Introduced
Mixer wants to provide custom routing, SQL blacklist to prevent SQL injection attacks in the proxy layer, and the cornerstone is to parse the SQL statements sent by the user. That's my first big lexical analysis and grammar analysis.
So far, I've just implemented a simpler lexical analyzer to decompose SQL statements into multiple token. And for the syntax analysis from the token, build the SQL AST, I now really have no experience (compiler principle is too bad), the need for cattle to help.
So, here is just a brief introduction to the lexical analysis of mixer.
Tokenize
In many places, we all need lexical analysis, usually in several ways:
Use a powerful tool, such as Lex,mysql-proxy, in this way
Using regular expressions
State machine
For the use of tools, I think there is a less good place is the cost of learning, for example, I use lex when I need to learn its syntax, while the code generated by the tool is not very readable, the code is large, more serious is likely to be slow. So MySQL itself is to implement a lexical analysis module.
For regular expressions, performance problems can be a very important consideration, and the complexity is no lower than using tools like Lex.
State machine Maybe I think I'm doing it. A very good way to implement lexical parsing, for SQL lexical parsing, I feel that the way to write by using state machine is not very difficult, so mixer himself realized one.
State machine
In general, the implementation of a state machine is based on the practice of the States + action + switch, possibly as follows:
?
1 2 3 4 5 6 7 8 |
Switch state {case state1:state = action1 () Case state2:state = Action2 () Case STATE3: State = Action3 ()} |
For a state, we know by switch which action it will be handled by, and for each action we know what the next state is after the execution completes.

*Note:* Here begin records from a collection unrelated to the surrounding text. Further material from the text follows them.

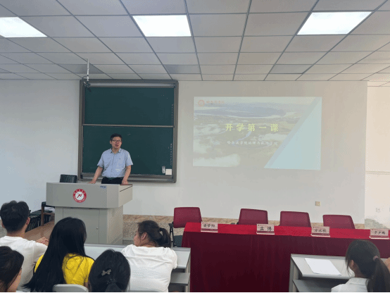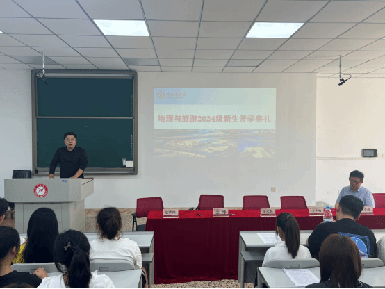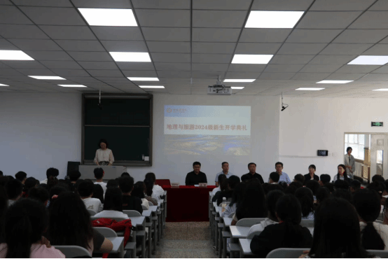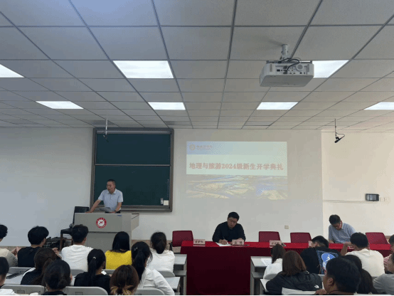 在学校90周年校庆来临之际,地理与旅游学院迎来了2024级218名新生,学院于9月2日下午在8201教室举行地理与旅游学院2024级新生开学典礼暨“开学第一课”。副校长于少鹏,党总支书记方永秋、副院长孟令波、教师代表孟博、教务办主任邱红和学工办主任刘彤出席此次活动,本次活动由辅导员梁梦阳主持,全体2024级新生参加本次活动。
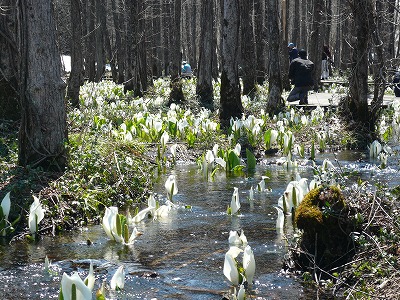 昨日(4/20)の刺巻ミズバショウの開花状況を
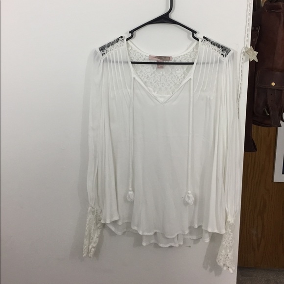 A nice light weight spring time blouse with lace detailing on the wrists and back.
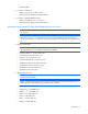 SKIPTARGET = NO SOURCEPATH = C:\fwcd\firmware-8.70-0\hp\swpackages [GROUPS] HOST=winserver UID=Userid PWD=password [END] Example 4 SILENT = YES IGNOREERRORS = ServerNotFound,BadPassword, FailedDepedencies SKIPTARGET = NO SOURCEPATH = C:\ fwcd\firmware-8.70-0\hp\swpackages FORCEALL = YES REBOOTALLOWED = YES REBOOTDELAY = 30 REBOOTMESSAGE = “Install complete, server will reboot in 30 seconds” [TARGETS] HOST=16.83.62.141 UID=Userid PWD=password [END] [TARGETS] HOST=16.83.61.
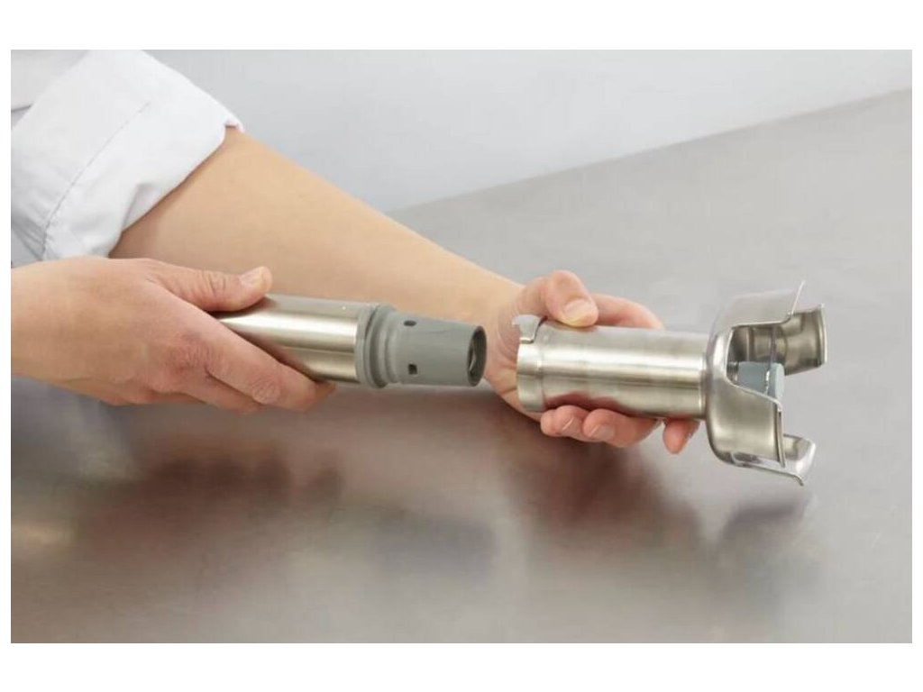 [*W_New cable.jpg>] *** Nové provedení přívodního kabelu * Nový patentovaný systém „Easy Plug“ – odmontovatelný přívodní kabel pro snazší výměnu kabelů a delší životnost. * Nový systém navíjení přívodního kabelu – čep na motorovém bloku umožňuje jednodušší navíjení, prodlužuje životnost a rovněž slouží jako podpěra na okraji nerez nádoby pro lepší manipulaci. * kontrolka na na rukojeti signalizuje správné zacvaknutí přívodní šňůry v rukojeti *Odnímatelná noha, rozebíratelný nůž a zvon umožňují snadné čištění a dosažení perfektní hygieny. * Nůž, zvon a noha z nerezové oceli pro delší životnost. * Mixovací nerez nůž pro přípravu polévek, hustých polévek a omáček. * EBS systém – elektronický systém zajišťující optimální výkon motoru. * Dvojitá ergonomická rukojeť pro lepší použití. * Doporučuje se používat spolu s držákem k upevnění k nádobě.
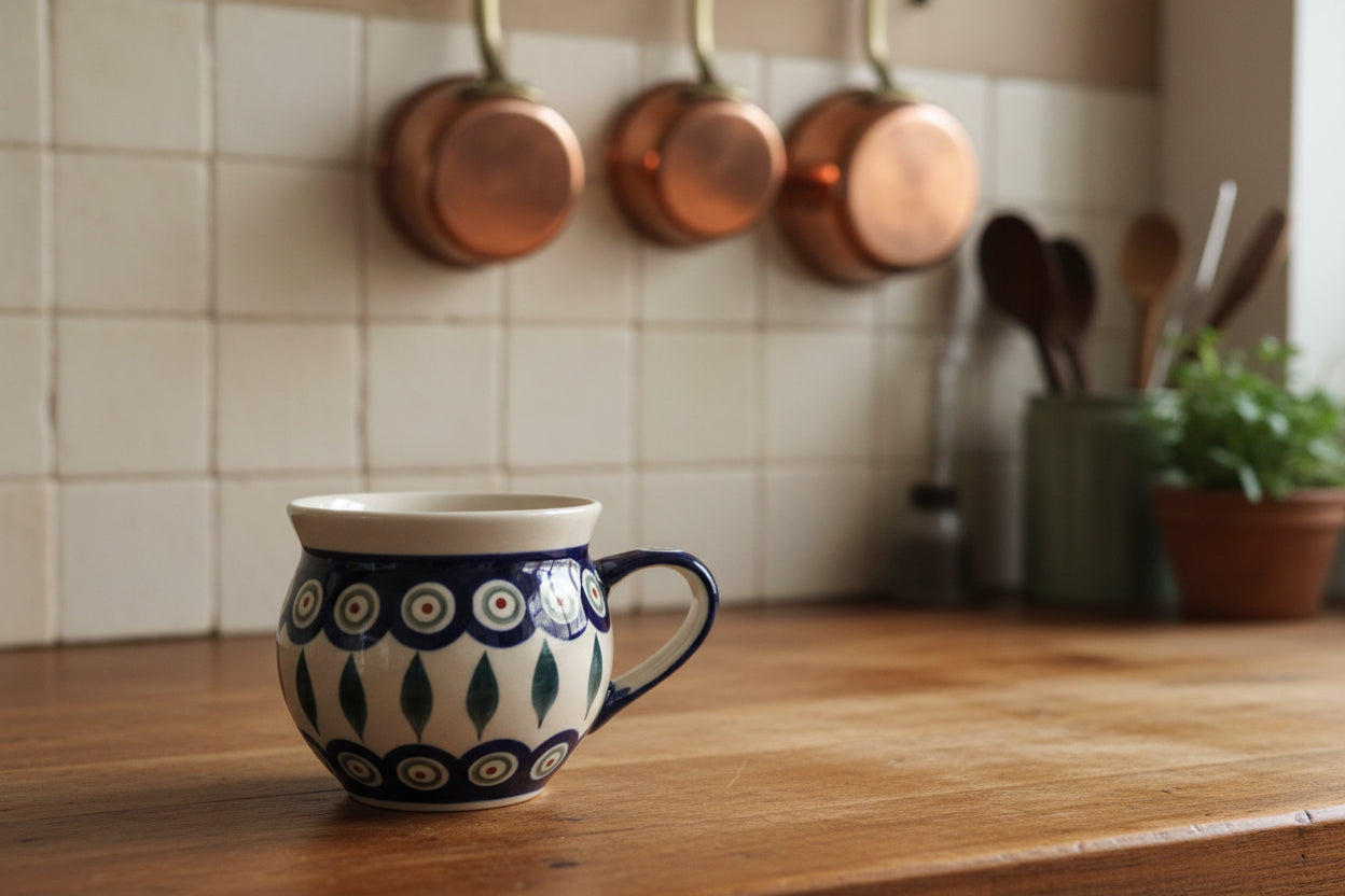 Dies ist die berühmteste Form der Bunzlauer Keramik: der Kugelbecher (auch "Böhmische Tasse" genannt). Mit seiner bauchigen Form ist er nicht nur wunderschön anzusehen, sondern ein echter "Handschmeichler" – er liegt einfach perfekt in der Hand.

For the above implementation, if there is too much state, it may cause too many case statements, which we can simplify with the state function.
A state function is the execution of the current state action and returns directly to the next state function.
We can do this:
?
1 2 3 4 5 |
Type statefn func (*lexer) statefn for state: = Startstate; State!= Nil {state = state (Lexer)} |
So what we need to accomplish is each state function and its next state function that needs to be executed.
Mixer Lexer
The lexical analysis of mixer is mainly referenced by this method. Mainly implemented in the parser module.
For a lexer, a nexttoken function is provided for the external acquisition of the next token for subsequent operations (such as parsing).
Lexer next token is as follows:
?
1 2 3 4 5 6 7 8 9 a |
Func (l *lexer) nexttoken () (Token, error) { for { & Nbsp;select { case T: = <-l.tokens: return T, Nil default: if L.state = = Nil { return Token{TK _eof, ""}, L.err } l.state = L.state (l) if L.err!= Nil { return Token{tk_unknown, ""}, L.err } } }} |
Tokens is a channel, each time the state resolves the token will emit to this channel for Nexttoken get, if the channel is empty, then call the state function again.
As you can see, it's easy to implement a lexical parsing with go, and the rest is to write the corresponding state function to parse the SQL.
Todo
Mixer Lexical analysis There are many imperfect places, such as the scientific count method of numerical analysis is not perfect, the follow-up preparation for reference to MySQL official lexical analysis module in a good improvement.